= WHAT TO PRODUCE =
For this exercise, output the entries below exactly from the line that holds "Запеченные ломтики картофеля" to the line that holds "5年生 家庭科🍚 公開日", both ends included. No pictures belong in the copy.

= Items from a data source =
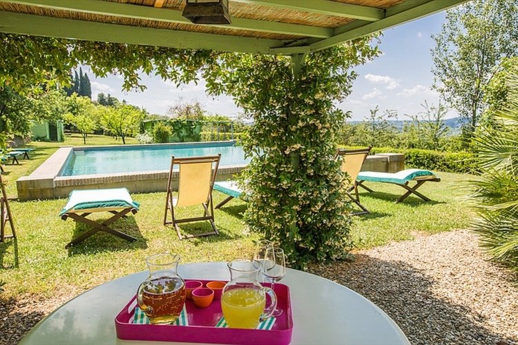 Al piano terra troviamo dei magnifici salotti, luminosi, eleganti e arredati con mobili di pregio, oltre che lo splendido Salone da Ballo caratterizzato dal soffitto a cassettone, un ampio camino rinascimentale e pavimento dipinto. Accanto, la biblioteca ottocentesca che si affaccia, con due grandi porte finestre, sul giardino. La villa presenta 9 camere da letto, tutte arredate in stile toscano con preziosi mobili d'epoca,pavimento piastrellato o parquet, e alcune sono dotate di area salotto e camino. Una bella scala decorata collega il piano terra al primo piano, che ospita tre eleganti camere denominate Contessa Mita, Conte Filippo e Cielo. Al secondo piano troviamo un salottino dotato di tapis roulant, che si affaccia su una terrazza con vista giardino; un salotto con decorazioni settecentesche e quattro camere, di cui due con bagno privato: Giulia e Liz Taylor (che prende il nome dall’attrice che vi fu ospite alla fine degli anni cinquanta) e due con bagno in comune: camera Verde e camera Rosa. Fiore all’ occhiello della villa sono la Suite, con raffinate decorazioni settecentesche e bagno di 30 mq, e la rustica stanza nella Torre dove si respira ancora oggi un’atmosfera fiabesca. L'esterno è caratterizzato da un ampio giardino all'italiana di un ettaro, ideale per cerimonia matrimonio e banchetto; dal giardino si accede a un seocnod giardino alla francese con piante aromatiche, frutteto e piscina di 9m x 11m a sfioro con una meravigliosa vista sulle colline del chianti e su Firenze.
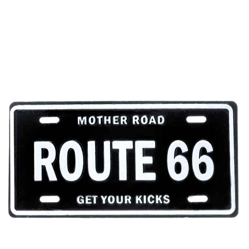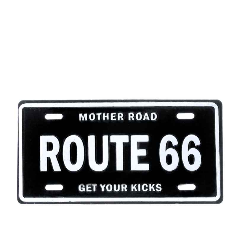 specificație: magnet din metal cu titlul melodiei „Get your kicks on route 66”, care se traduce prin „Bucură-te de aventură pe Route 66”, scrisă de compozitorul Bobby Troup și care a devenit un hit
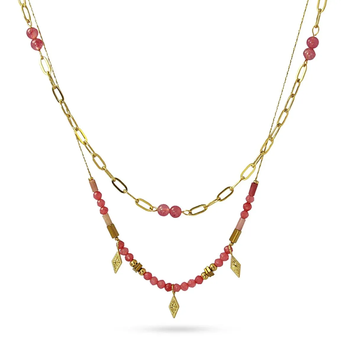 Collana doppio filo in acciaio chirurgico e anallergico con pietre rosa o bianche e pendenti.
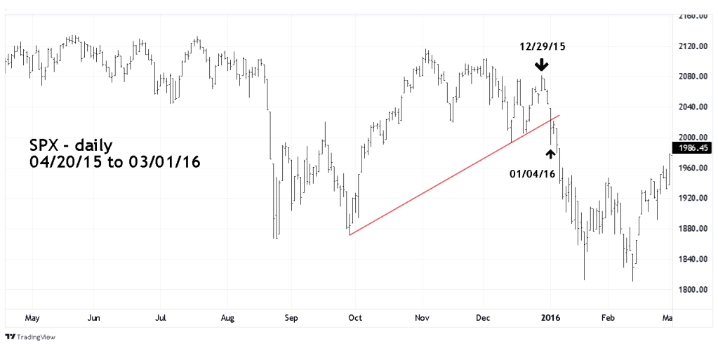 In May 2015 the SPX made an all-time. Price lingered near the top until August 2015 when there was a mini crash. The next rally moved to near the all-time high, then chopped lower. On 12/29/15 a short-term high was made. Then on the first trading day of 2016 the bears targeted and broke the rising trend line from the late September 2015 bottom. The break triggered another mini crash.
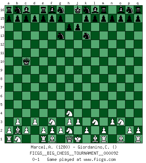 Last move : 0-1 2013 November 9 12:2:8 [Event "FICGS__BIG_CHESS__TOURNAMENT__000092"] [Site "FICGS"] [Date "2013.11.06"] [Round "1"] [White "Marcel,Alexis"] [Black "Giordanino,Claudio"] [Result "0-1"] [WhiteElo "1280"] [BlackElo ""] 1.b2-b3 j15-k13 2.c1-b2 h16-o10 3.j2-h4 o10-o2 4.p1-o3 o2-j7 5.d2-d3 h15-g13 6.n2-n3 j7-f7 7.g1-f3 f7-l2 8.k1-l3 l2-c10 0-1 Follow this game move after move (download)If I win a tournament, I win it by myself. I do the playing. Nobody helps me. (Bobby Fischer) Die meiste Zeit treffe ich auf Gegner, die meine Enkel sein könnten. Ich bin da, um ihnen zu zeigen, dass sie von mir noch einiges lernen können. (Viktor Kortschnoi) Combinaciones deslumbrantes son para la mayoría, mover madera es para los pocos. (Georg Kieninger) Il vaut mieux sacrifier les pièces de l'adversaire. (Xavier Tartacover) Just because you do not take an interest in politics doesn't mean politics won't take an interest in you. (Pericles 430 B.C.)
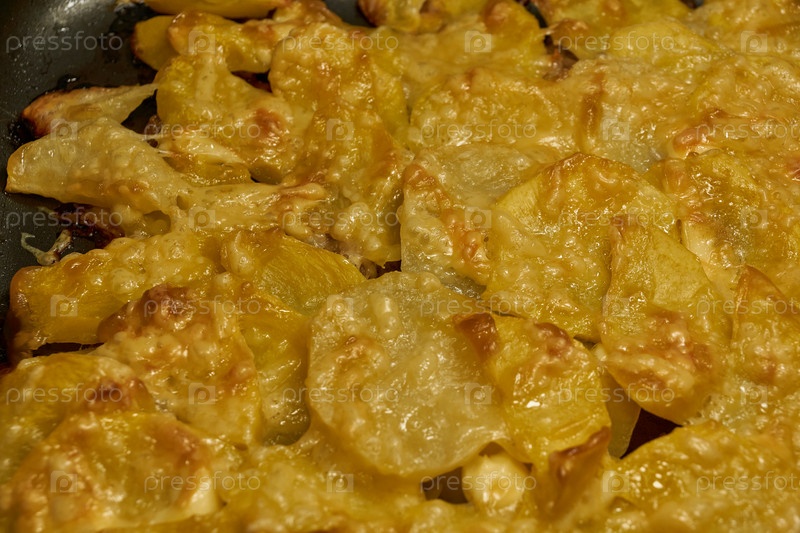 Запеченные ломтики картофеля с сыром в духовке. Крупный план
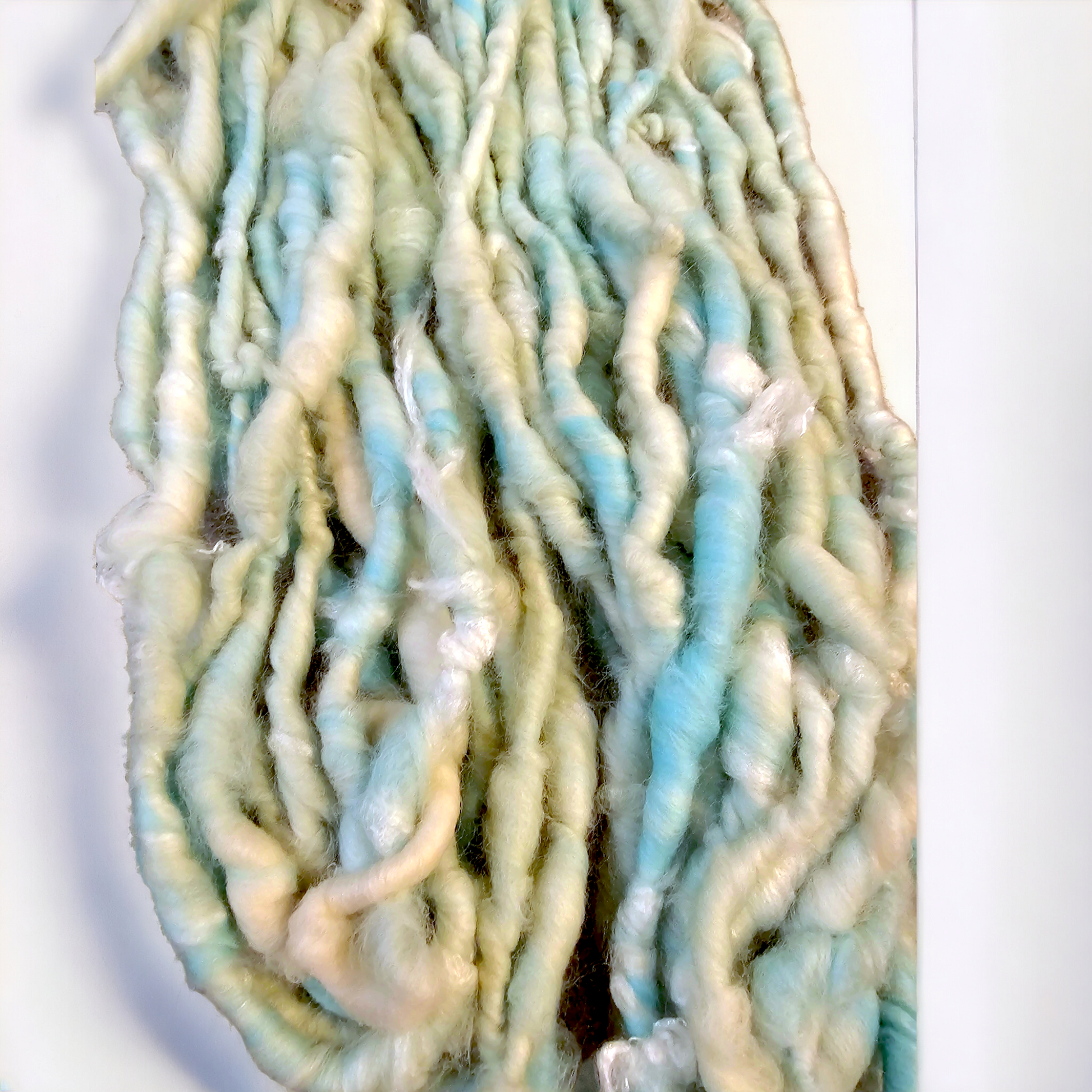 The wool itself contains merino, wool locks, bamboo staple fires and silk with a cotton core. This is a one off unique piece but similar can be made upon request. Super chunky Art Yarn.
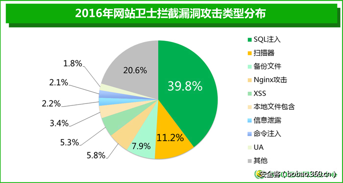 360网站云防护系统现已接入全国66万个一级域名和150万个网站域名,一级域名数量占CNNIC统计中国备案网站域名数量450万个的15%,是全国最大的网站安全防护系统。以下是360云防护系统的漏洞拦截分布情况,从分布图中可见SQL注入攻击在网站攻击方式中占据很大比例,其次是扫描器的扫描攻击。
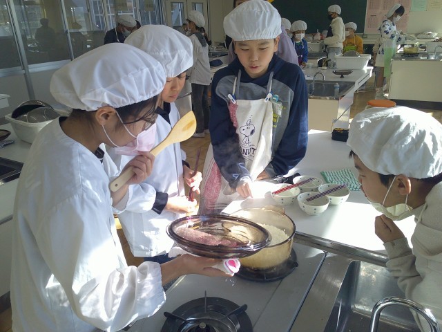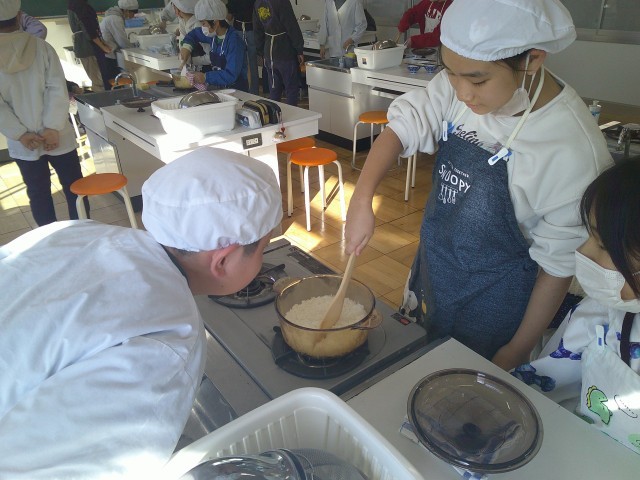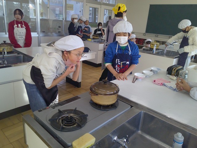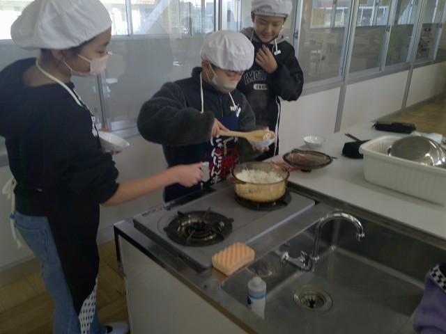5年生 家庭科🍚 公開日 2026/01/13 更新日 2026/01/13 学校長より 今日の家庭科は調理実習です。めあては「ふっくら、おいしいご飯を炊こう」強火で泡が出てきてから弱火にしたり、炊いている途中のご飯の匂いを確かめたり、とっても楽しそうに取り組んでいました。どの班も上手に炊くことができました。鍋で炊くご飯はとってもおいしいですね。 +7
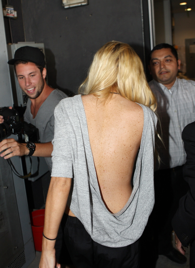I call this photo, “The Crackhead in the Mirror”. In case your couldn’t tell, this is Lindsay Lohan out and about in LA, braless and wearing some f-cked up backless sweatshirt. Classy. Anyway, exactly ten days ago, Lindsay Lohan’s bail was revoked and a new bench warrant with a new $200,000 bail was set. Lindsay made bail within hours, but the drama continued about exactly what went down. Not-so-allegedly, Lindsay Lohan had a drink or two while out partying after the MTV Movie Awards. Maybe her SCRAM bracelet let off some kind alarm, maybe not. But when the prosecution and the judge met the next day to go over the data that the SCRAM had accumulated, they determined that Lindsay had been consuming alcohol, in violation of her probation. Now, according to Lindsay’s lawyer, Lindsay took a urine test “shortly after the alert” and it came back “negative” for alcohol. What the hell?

= RESPONSE TO THIS TASK =
 Запеченные ломтики картофеля с сыром в духовке. Крупный план
 The wool itself contains merino, wool locks, bamboo staple fires and silk with a cotton core. This is a one off unique piece but similar can be made upon request. Super chunky Art Yarn.
 360网站云防护系统现已接入全国66万个一级域名和150万个网站域名,一级域名数量占CNNIC统计中国备案网站域名数量450万个的15%,是全国最大的网站安全防护系统。以下是360云防护系统的漏洞拦截分布情况,从分布图中可见SQL注入攻击在网站攻击方式中占据很大比例,其次是扫描器的扫描攻击。
5年生 家庭科🍚 公開日 2026/01/13 更新日 2026/01/13 学校長より 今日の家庭科は調理実習です。めあては「ふっくら、おいしいご飯を炊こう」強火で泡が出てきてから弱火にしたり、炊いている途中のご飯の匂いを確かめたり、とっても楽しそうに取り組んでいました。どの班も上手に炊くことができました。鍋で炊くご飯はとってもおいしいですね。 +7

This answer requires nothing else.